So…random though but has anyone noticed how much of a bitch alli is? I mean, she hangs out with clare and talks about how much she hates jenna. Then the next day, she's practically holding jenna's skirt while she pees. I mean, pick a side! I had a friend who did that once so maybe I just hate people like that but seriously?
Anyhoo…new chapter. I'm gonna work extra hard on this one so…here goes…
This school was the definition of cliché. We're talking quarterback is dating a blonde cheerleader and makes a touchdown-with-three-seconds-left-in-the-game cliché. The only thing that's missing is the rain falling while the two lovebirds share a long awaited kiss while sappy music plays in the background. Barf.
Seriously? Maybe I could be the kid that dies of cancer or something because I honestly don't know if I can handle this much cheese.
I sat in English class fixing my nails with a sharpie. Is sharpie poisonous? Maybe if I eat a sharpie I'll die. It's better than sitting here talking about letters. Please. The least Ms. Dawes could do is challenge me a little. It's too damn early to have to pay attention to this crap.
"Ms. Dawes, there must be some sort of mistake. I've never gotten a C. How did this happen?"
Little Clare sat behind me in this class. I ran over her glasses. I'm still expecting my 'thank you' note.
She was a sophomore taking grade 11 advanced English. Who does that? And she's upset over a C? Just get over it, honey.
Ms. Dawes justified the low mark, "Well, your earlier assignments had been divine, but lately you're writing has become distant, impersonal."
Wonder what's got her so distracted? My running over her glasses and charming the socks of her probably got her all in a tizzy.
The class all made hushed comments about the grade grubbing and laughed a little. Truthfully, I could care less. I thought it would end there, but oh no, she opened her mouth again and tried to earn some points back.
"I used complex sentence structure and advance vocabulary."
I rolled my eyes. Wow. Just give it up. I was impressed though. Anyone else would have never even spoken up let alone argued this far with a teacher.
"Yes, but your assignment didn't tell me anything about who you are. What you want. You can't hide behind vampire fiction forever." Ms.

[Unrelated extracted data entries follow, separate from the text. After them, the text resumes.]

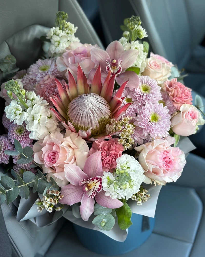 Композиція у капелюшній коробці с протеєю №263. Доставка Квітів Осокорки
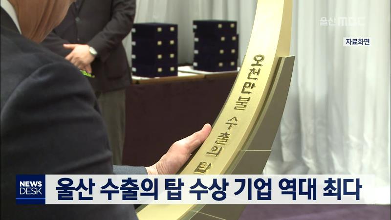 내일(12/5) 무역의 날을 맞아 울산 지역 역대 최다인 43개 기업이 수출의 탑을 수상합니다. 롯데정밀화학이 6억불탑을 송원산업이 4억불탑을 수상하며 2개 기업이 억대 수출의 탑을 받는 가운데, 백만불 탑 수상 기업도 21개로 역대 최다를 기록했습니다. 울산지역 무역의 날 행사는 오는 12일 열릴 예정입니다.//
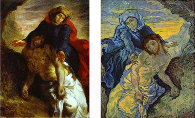 De esta forma explora temas religiosos como La Piedad de Delacroix, donde pinta a Cristo pelirojo y La resurrección de Lázaro de Rembrandt.
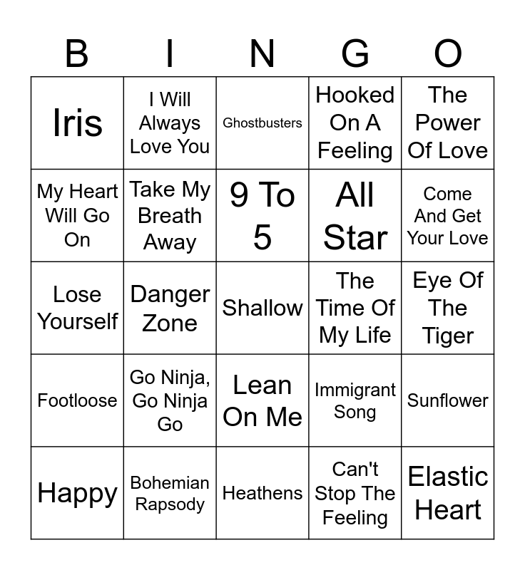 This bingo card has 35 words: Skyfall, I Don't Want To Miss A Thing, Stayin' Alive, Take My Breath Away, Lean On Me, Hooked On A Feeling, My Heart Will Go On, Gangsta Paradise, 9 To 5, Circle Of Life, Lose Yourself, The Power Of Love, Let It Go, Flashdance, Iris, The Time Of My Life, Can't Stop The Feeling, Danger Zone, Footloose, Shallow, Immigrant Song, Happy, Sunflower, Bohemian Rapsody, Ghostbusters, Come And Get Your Love, Elastic Heart, Don't You (Forget About Me), All Star, Eye Of The Tiger, Waterfalls, Heathens, Go Ninja, Go Ninja Go, I Will Always Love You and Men In Black.
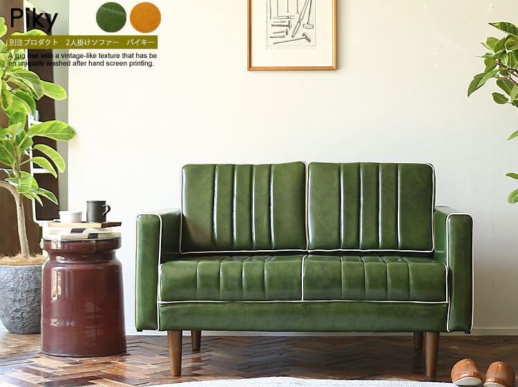 アメリカンヴィンテージスタイルをイメージしたヴィンテージグリーンカラーとナチュラルヴィンテージスタイルをイメージしたブラウンカラーの2種類からお好みに合わせて選べる国産2人掛けソファー、MS(エムエス)。
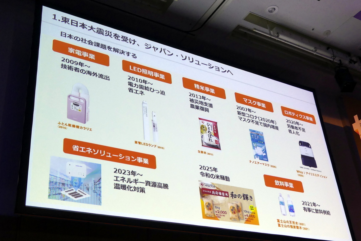 さて、アイリスオーヤマが「日本の社会課題を解決する」というジャパン・ソリューションに大きく舵を切ったのは、東日本大震災がきっかけだ。2009年から始まった家電事業も、もともとは技術者の海外流出という課題から生まれたもの。2010年に立ち上げたLED照明事業は電力需要がひっ迫した震災後に大きくフォーカスされるようになり、2013年からは被災地復興のために精米事業を始めている。「令和の米騒動のときは、なんでアイリスオーヤマが米売ってるの?と言われましたが、実は2013年から精米事業は始めていました」とのことだ。
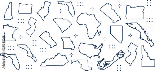 Outline map of the United States of America. 50 States of the USA. US map with state borders. Silhouette of the USA. Vector
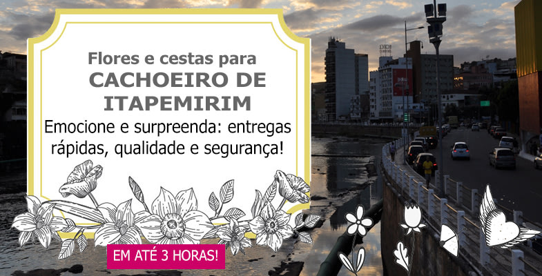 Efetuamos entregas de flores e cestas em Cachoeiro de Itapemerim até no mesmo dia, através das melhores floriculturas locais. Conforme o horário da compra, podemos fazer a entrega das fores em Cachoeiro de Itapemerim em até 3 horas. Cachoeiro de Itapemirim é um município brasileiro do estado do Espírito Santo.Entregamos as mais belas flores e cestas em todos os bairros de Cachoeiro de Itapemerim, como Zumbi, Vila Rica, Aquidaban, Coramara, Gilson Carone, Novo Parque, São Luiz Gonzaga, Paraíso e muitos outros. Não importa a distância, emocione e surpreenda enviando as mais lindas flores e cestas para pessoas queridas com nossa floricultura em Cachoeiro de Itapemerim e região!
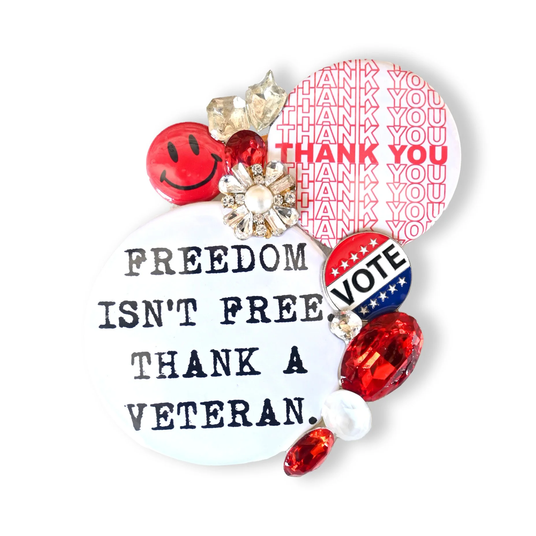 The social action pins are a newer collection that I embarked on a few years ago for my sculpture series Whiskey Rebellion—finding examples both at flea markets and online. And then my activist/artist friend Arleen Olshan and her wife Linda Slodki gifted me with their collection of 50 years of protest pins—hundreds of amazing pieces that I’m now incorporating into the new brooches!
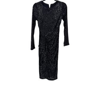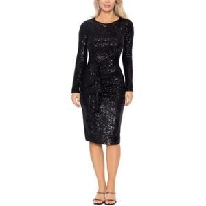 XScape Sequined Midi Formal Cocktail Dress Long Sleeve Black Size 6 NWT
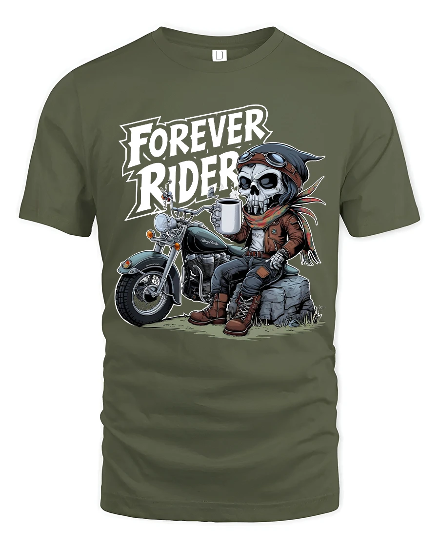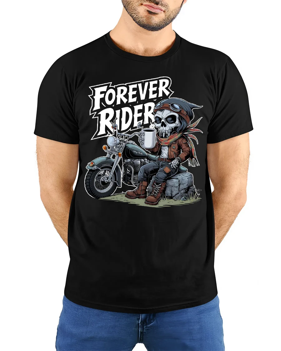 The Forever Rider Skeleton Biker Graphic T Shirt Road Life captures the true spirit of freedom adventure and endless roads.

Dawes explained, again.
Back up, vampire fiction?
"I'm not hiding," she mumbled, but the way she said it made it so obvious she was hiding.
"Then prove it, to your writing partner," Ms. Dawes said, ending the discussion.
I felt stares burning holes in my head. I looked up to see Ms. Dawes looking expectantly at me. Oh god...
"Me?" I asked, unbelievingly. What a pair: the goth and the christain. It sounds like one of those 'a priest, a rabi, and a duck walk into a bar' jokes. I heard Clare shift around in her seat. This is what I was talking about before about minding my own business. Did I ask to be Clare's partner? No! I wasn't even looking at either Ms. Dawes or Clare. It's probably because I wear so much damn black. I stood out and Teach used me to get out of her argument. Great.
"Yeah, you," She sounded so fucking happy about the pairing, "You write well but you're a little wordy." Excuse me? "You and Clare will be editing each other's work this semester."
"Great," said the sad little voice behind me. Yup. She was stoked. "That'll be fun" Don't act as if you don't love it, Clarey. I guess it wouldn't be so bad. If she doesn't already think I'm a freak for running over her glasses. After I left she probably realized how pissed she was. But no death threats in my locker yet so maybe I'm in the clear.
"We may have a very special partnership on our hands people," Ms. Dawes gasped like she had witnessed the apocalypse, "like Sylvia Plath and Ted Hughes"
Those two were married. So I guess I just married Clare. Hmm this might actually be fun.
"Sylvia Plath killed herself," Well, shit I guess I was the only one who thought way. And people say I obsessed over death. Don't worry Clarey, you'll grow to love me.
We walked to the door almost next to each other, but at the last minute I pushed ahead and brushed passed her, just to mess with her a bit. I looked back and saw her mouth gape open and give a little scoff of shock. I smirked in her direction, shook my head and walked passed her.
Oh yeah, this was going to be fun.
I think the reason I'm so disappointed after every chapter is because I can't stand the dialoged. It doesn't leave much room for my imagination to grow. So I think after this I'll write my own little eclare thingy.
Also the "clarey" thing wasn't a typo. The whole "blue eyes" and "clare bear" nicknames make me vomit. So I invented my own. And really, we've all seen the show. There is no way in hell Eli would call clare either of those nicknames.